What needs to be done: Print, from the listing below, the lines starting at the line containing "ASOS DESIGN cut" and ending at the line containing "Zu jedem Button", exactly as they stand, and print nothing else.
══ Input for this task ══
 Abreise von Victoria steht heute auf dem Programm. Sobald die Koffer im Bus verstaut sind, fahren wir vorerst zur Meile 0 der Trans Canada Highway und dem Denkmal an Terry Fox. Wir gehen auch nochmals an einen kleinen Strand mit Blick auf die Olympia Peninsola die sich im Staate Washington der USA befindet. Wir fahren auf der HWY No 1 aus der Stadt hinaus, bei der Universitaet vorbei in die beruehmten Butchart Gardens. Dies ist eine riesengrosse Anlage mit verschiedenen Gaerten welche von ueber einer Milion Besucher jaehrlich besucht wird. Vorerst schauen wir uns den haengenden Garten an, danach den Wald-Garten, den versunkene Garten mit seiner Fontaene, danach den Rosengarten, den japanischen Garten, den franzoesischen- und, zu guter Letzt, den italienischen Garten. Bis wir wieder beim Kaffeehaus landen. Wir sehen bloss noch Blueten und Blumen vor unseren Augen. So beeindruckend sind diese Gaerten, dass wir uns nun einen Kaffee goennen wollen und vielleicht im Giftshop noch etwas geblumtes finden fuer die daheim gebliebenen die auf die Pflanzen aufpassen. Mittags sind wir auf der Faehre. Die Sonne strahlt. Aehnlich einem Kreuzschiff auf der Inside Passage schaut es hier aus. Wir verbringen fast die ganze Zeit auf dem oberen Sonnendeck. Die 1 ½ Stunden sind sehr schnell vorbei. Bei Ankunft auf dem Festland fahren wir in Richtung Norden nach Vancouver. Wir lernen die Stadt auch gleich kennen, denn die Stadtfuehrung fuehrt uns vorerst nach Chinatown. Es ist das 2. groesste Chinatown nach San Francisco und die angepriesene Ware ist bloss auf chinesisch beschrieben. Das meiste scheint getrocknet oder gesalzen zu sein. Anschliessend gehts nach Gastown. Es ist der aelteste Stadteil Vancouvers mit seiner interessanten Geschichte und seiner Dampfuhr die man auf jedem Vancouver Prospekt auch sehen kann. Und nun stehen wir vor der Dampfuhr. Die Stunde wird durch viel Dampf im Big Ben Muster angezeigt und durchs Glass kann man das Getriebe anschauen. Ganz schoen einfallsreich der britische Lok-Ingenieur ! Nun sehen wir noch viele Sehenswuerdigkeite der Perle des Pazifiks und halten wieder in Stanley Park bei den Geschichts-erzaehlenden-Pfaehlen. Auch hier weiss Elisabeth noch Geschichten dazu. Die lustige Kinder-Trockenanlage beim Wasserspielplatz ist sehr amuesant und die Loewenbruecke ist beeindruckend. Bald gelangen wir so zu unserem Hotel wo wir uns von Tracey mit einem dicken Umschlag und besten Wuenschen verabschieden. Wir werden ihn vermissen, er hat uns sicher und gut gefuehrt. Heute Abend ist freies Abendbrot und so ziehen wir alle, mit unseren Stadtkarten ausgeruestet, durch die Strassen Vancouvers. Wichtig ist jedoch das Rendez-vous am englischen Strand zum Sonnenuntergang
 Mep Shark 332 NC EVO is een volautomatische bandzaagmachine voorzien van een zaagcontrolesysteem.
═══
══ Input for this task ══
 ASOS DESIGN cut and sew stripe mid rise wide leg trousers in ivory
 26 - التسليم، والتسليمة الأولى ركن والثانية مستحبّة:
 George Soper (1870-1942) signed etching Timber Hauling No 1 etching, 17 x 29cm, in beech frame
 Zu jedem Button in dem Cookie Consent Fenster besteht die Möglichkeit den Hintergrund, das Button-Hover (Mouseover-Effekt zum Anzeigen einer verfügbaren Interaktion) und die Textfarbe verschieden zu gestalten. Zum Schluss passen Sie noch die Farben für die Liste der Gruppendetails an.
═══
══ Input for this task ══
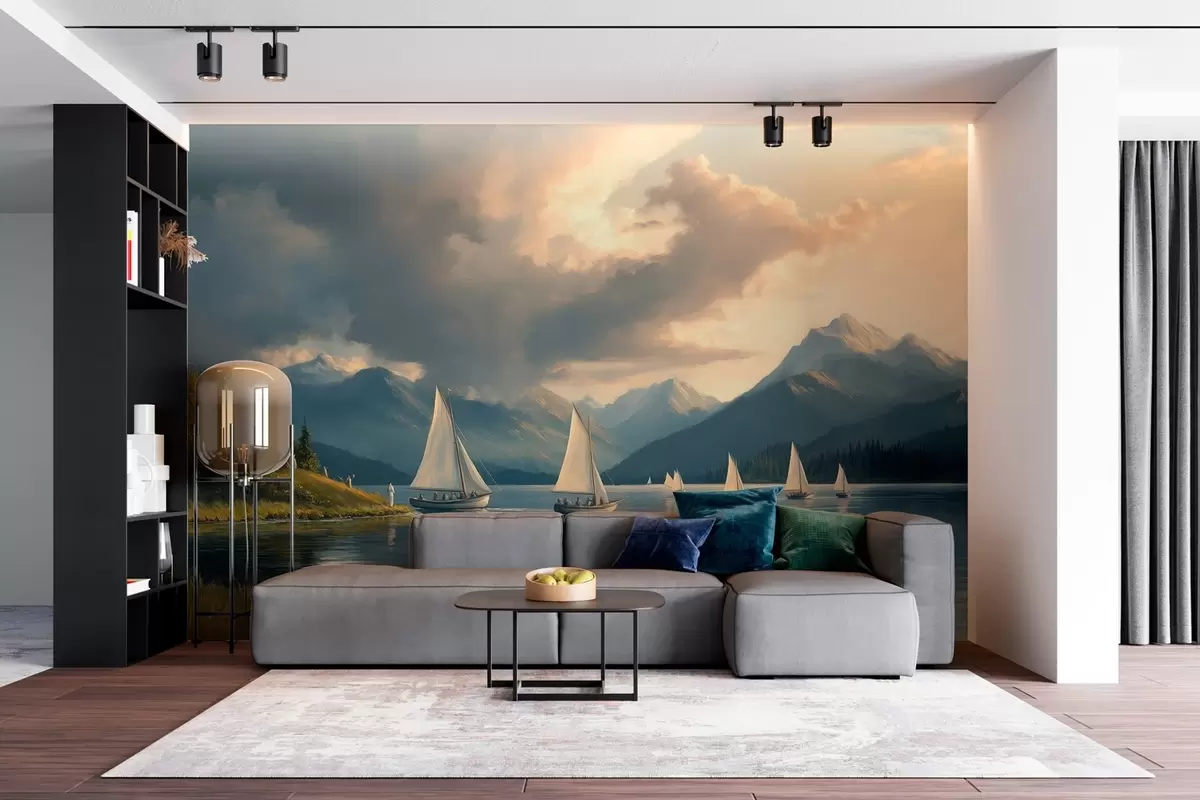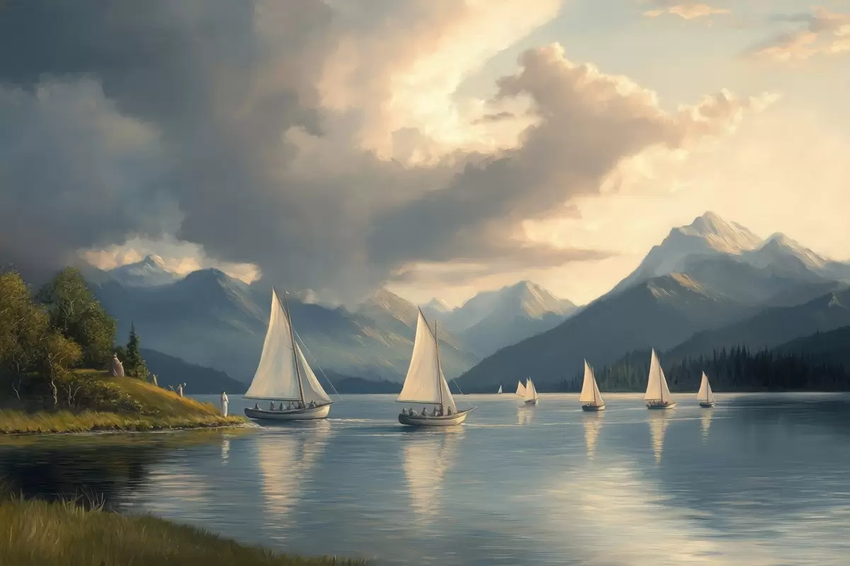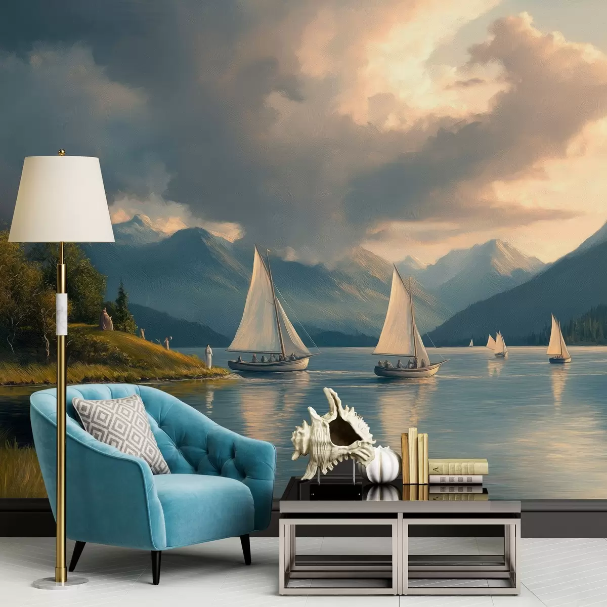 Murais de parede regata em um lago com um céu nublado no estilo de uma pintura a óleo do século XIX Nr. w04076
═══
Exercise output:
 ASOS DESIGN cut and sew stripe mid rise wide leg trousers in ivory
 26 - التسليم، والتسليمة الأولى ركن والثانية مستحبّة:
 George Soper (1870-1942) signed etching Timber Hauling No 1 etching, 17 x 29cm, in beech frame
 Zu jedem Button in dem Cookie Consent Fenster besteht die Möglichkeit den Hintergrund, das Button-Hover (Mouseover-Effekt zum Anzeigen einer verfügbaren Interaktion) und die Textfarbe verschieden zu gestalten. Zum Schluss passen Sie noch die Farben für die Liste der Gruppendetails an.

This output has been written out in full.